◆ Problem statement: Transcribe the entries below exactly, starting with the line that has "Ahorra Esfuerzo para" and stopping after the line that has "Eduardo Fdez. López."; no pictures belong in the copy.
Input Block Start
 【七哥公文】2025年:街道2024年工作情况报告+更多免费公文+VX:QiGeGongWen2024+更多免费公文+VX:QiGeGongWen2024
Input Block End
Input Block Start
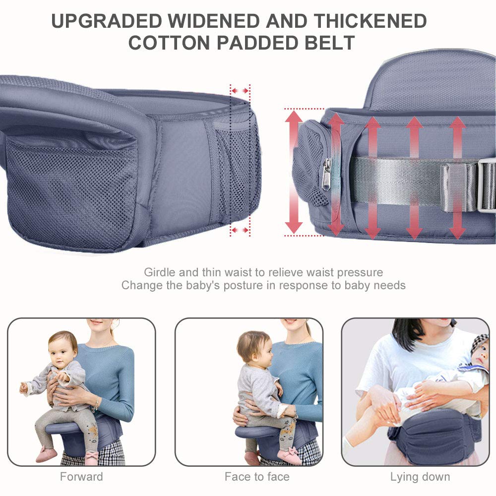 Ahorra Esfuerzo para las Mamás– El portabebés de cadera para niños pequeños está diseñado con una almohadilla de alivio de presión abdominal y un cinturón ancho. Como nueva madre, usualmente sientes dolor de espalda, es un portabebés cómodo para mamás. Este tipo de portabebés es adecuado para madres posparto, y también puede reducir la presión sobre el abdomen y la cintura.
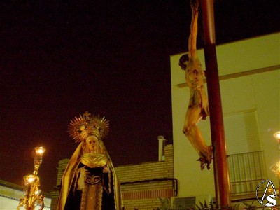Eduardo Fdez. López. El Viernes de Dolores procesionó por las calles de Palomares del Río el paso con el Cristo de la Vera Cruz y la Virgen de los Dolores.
Input Block End
◆ Answer section:
 Ahorra Esfuerzo para las Mamás– El portabebés de cadera para niños pequeños está diseñado con una almohadilla de alivio de presión abdominal y un cinturón ancho. Como nueva madre, usualmente sientes dolor de espalda, es un portabebés cómodo para mamás. Este tipo de portabebés es adecuado para madres posparto, y también puede reducir la presión sobre el abdomen y la cintura.
Eduardo Fdez. López. El Viernes de Dolores procesionó por las calles de Palomares del Río el paso con el Cristo de la Vera Cruz y la Virgen de los Dolores.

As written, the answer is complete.